Top of DATA SHOWN

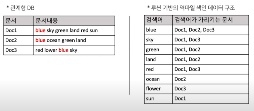 - 엘라스틱서치는 (1)루씬(Lucene) 기반의 오픈소스 검색 엔진이다. HTTP 기반의 REST API를 활용하여 요청 및 응답에 JSON을 활용해 다양한 플랫폼에서 개발이 가능하며, 정형화되지 않은 문서도 자동으로 색인하고 검색할 수 있다(Schemaless). 또한 (2)멀티테넌시가 가능하고 전문 검색 엔진을 제공한다. logstash 또는 fluentd로 로그를 변환하고 kibana를 연결하여 준실시간으로 로그를 분석하고 시각화 할 수 있다. NoSQL의 일종으로 분류할 수 있고, 기본적으로 검색엔진이지만 MongoDB 같은 대용량 스토리지로도 활용이 가능하다. - (1) 아래 그림을 보면 RDB와 루씬 기반의 데이터 구조의 극명한 차이점을 볼 수 있다. RDB는 행을 기반으로, 엘라스틱서치는 ..
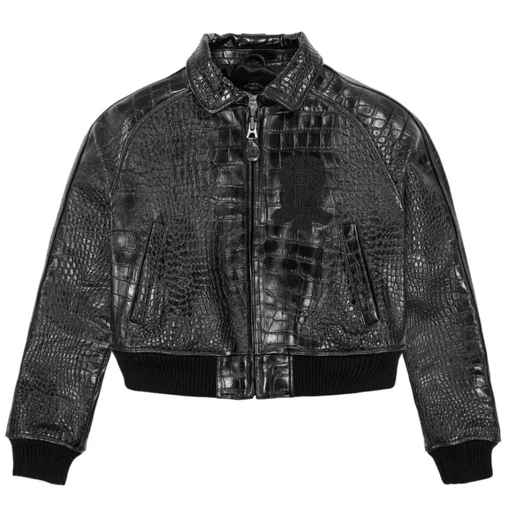 Real Cowhide Leather β Crocodile embossed finish for a luxurious and edgy texture π§₯ Classic Bomber Style β Ribbed cuffs, waistband, and collar for a tailored fit π Heavy-Duty Front Zipper β Smooth and secure fastening π Comfort Lining β Soft interior for all-day wearability π― Minimalist Chest Logo β Understated branding for a clean, premium look π€ Sleek All-Black Design β Versatile and bold, perfect for any outfit Material: 100% Genuine Leather Lining: Soft Inner Fabric Closure: Full Front Zipper Fit: Regular/Bomber Cut Sizes Available: 2XS β XXXXL
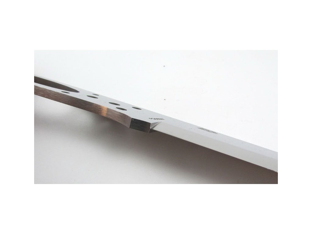 Lamă de 3,6 mm grosime din oțel inoxidabil N690. Lama are construcție full tang și tăiș flat grind. Lungimea totală este de 21 cm, lungimea lamei în sine este de 9,5 cm. Lama este tratată termic, întărită și ascuțită - gata de utilizare.
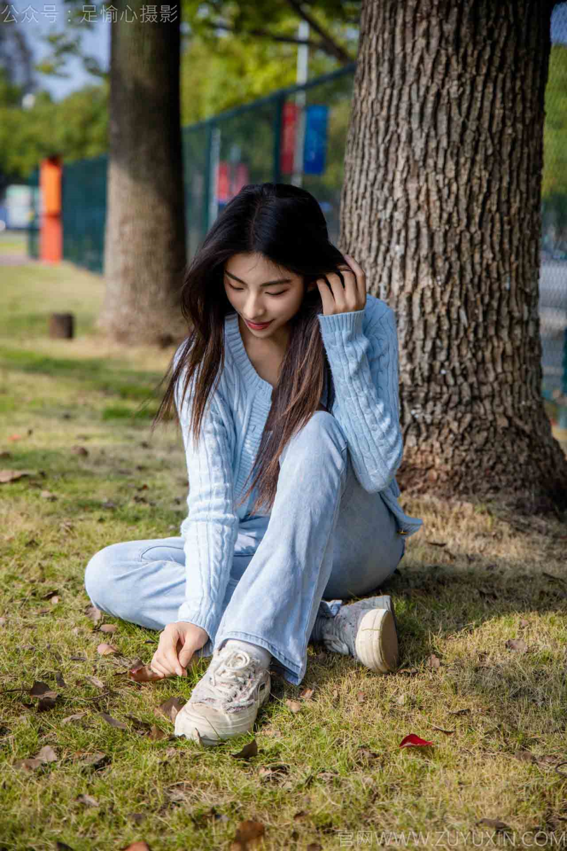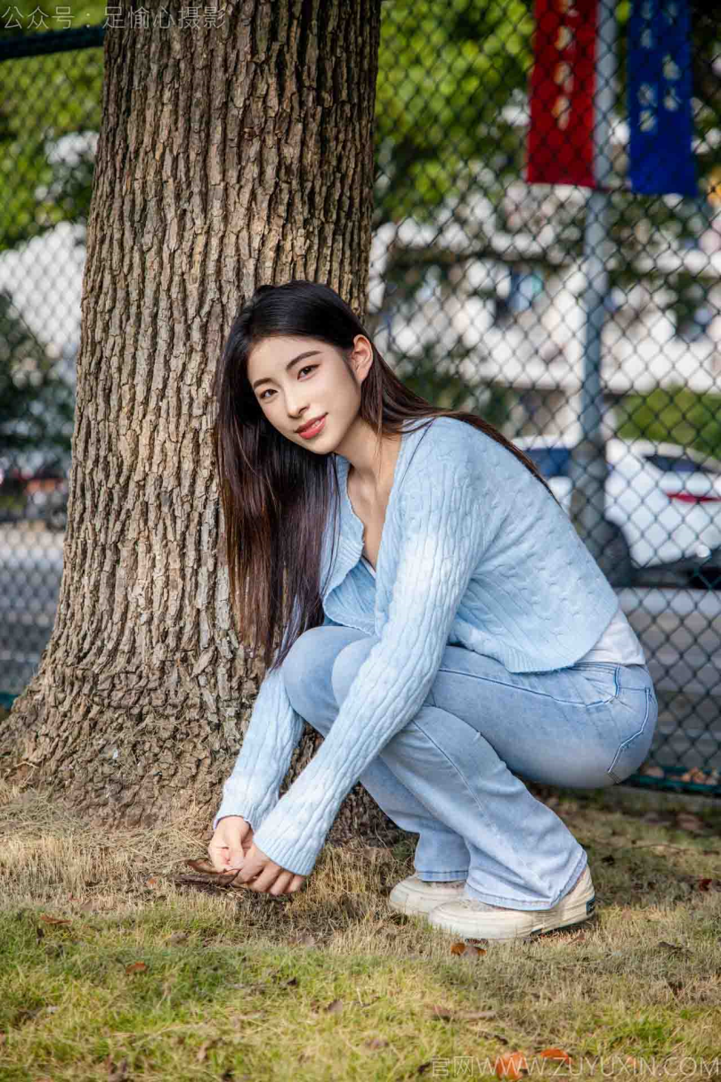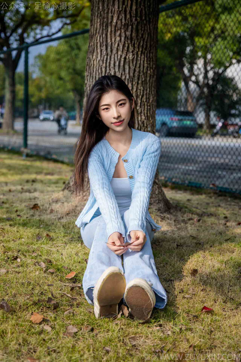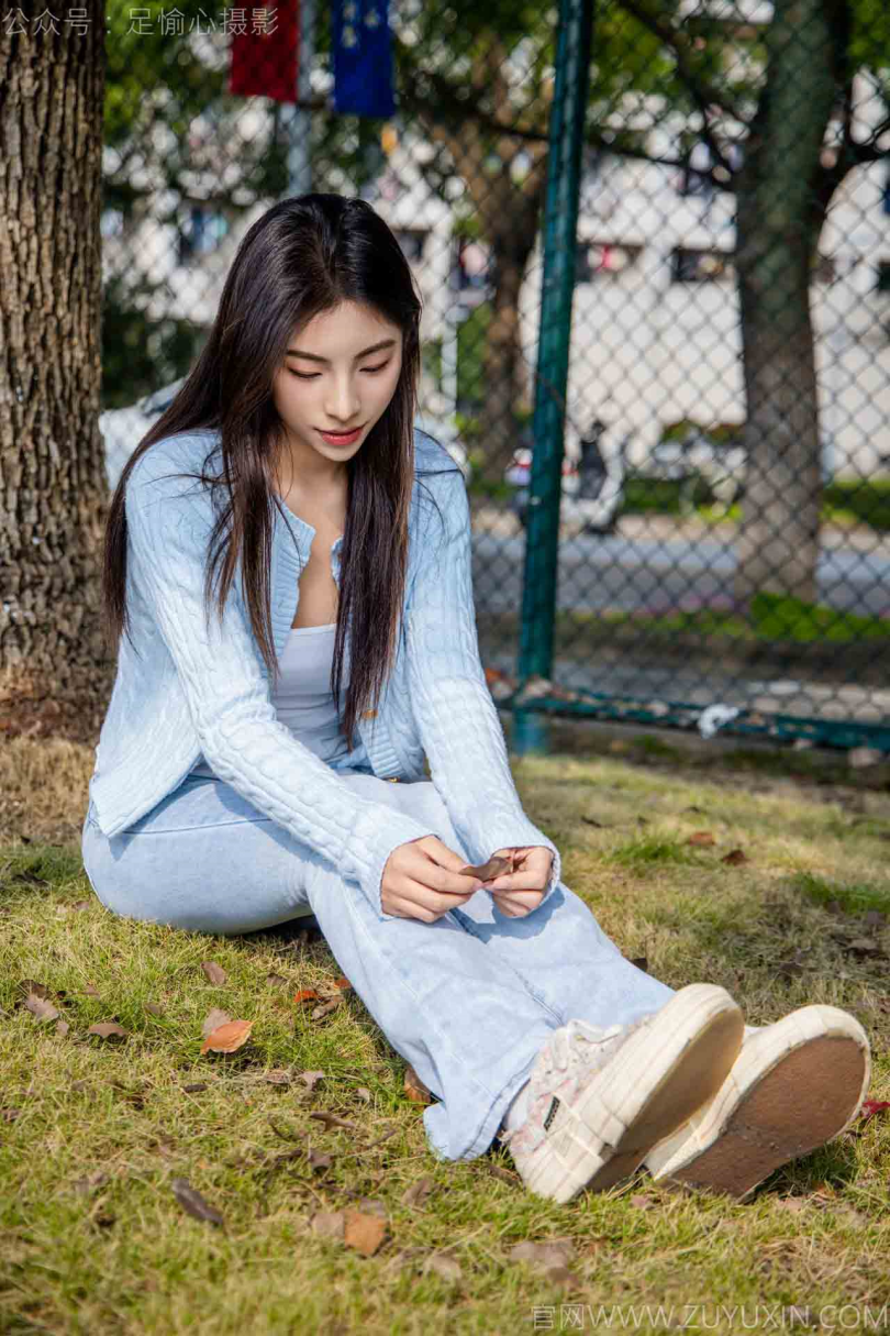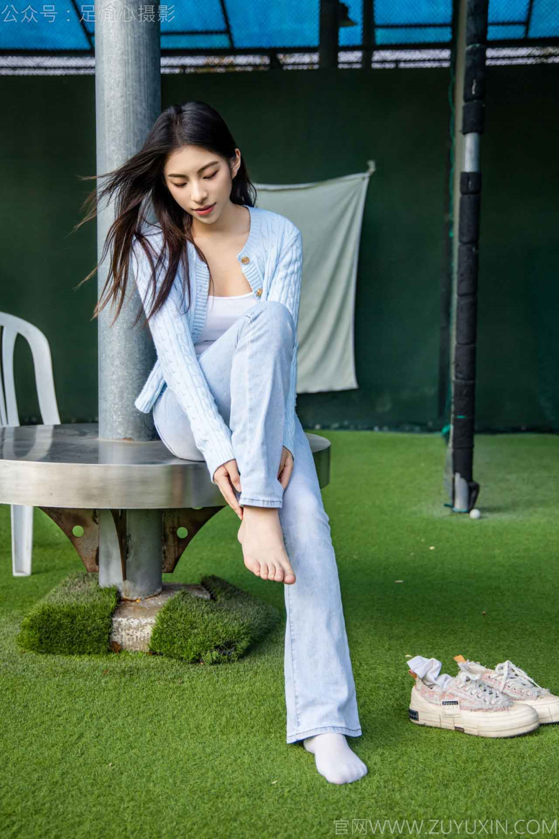 搭配内容:蓝色针织外套、蓝色抹胸、牛仔裤、帆布鞋、白棉袜、裸足

Bottom of DATA SHOWN

■ **WORK ITEM**:
Write out the data above exactly as it appears, but without any image.

■ **TASK RESULT**:
 - 엘라스틱서치는 (1)루씬(Lucene) 기반의 오픈소스 검색 엔진이다. HTTP 기반의 REST API를 활용하여 요청 및 응답에 JSON을 활용해 다양한 플랫폼에서 개발이 가능하며, 정형화되지 않은 문서도 자동으로 색인하고 검색할 수 있다(Schemaless). 또한 (2)멀티테넌시가 가능하고 전문 검색 엔진을 제공한다. logstash 또는 fluentd로 로그를 변환하고 kibana를 연결하여 준실시간으로 로그를 분석하고 시각화 할 수 있다. NoSQL의 일종으로 분류할 수 있고, 기본적으로 검색엔진이지만 MongoDB 같은 대용량 스토리지로도 활용이 가능하다. - (1) 아래 그림을 보면 RDB와 루씬 기반의 데이터 구조의 극명한 차이점을 볼 수 있다. RDB는 행을 기반으로, 엘라스틱서치는 ..
 Real Cowhide Leather β Crocodile embossed finish for a luxurious and edgy texture π§₯ Classic Bomber Style β Ribbed cuffs, waistband, and collar for a tailored fit π Heavy-Duty Front Zipper β Smooth and secure fastening π Comfort Lining β Soft interior for all-day wearability π― Minimalist Chest Logo β Understated branding for a clean, premium look π€ Sleek All-Black Design β Versatile and bold, perfect for any outfit Material: 100% Genuine Leather Lining: Soft Inner Fabric Closure: Full Front Zipper Fit: Regular/Bomber Cut Sizes Available: 2XS β XXXXL
 Lamă de 3,6 mm grosime din oțel inoxidabil N690. Lama are construcție full tang și tăiș flat grind. Lungimea totală este de 21 cm, lungimea lamei în sine este de 9,5 cm. Lama este tratată termic, întărită și ascuțită - gata de utilizare.
 搭配内容:蓝色针织外套、蓝色抹胸、牛仔裤、帆布鞋、白棉袜、裸足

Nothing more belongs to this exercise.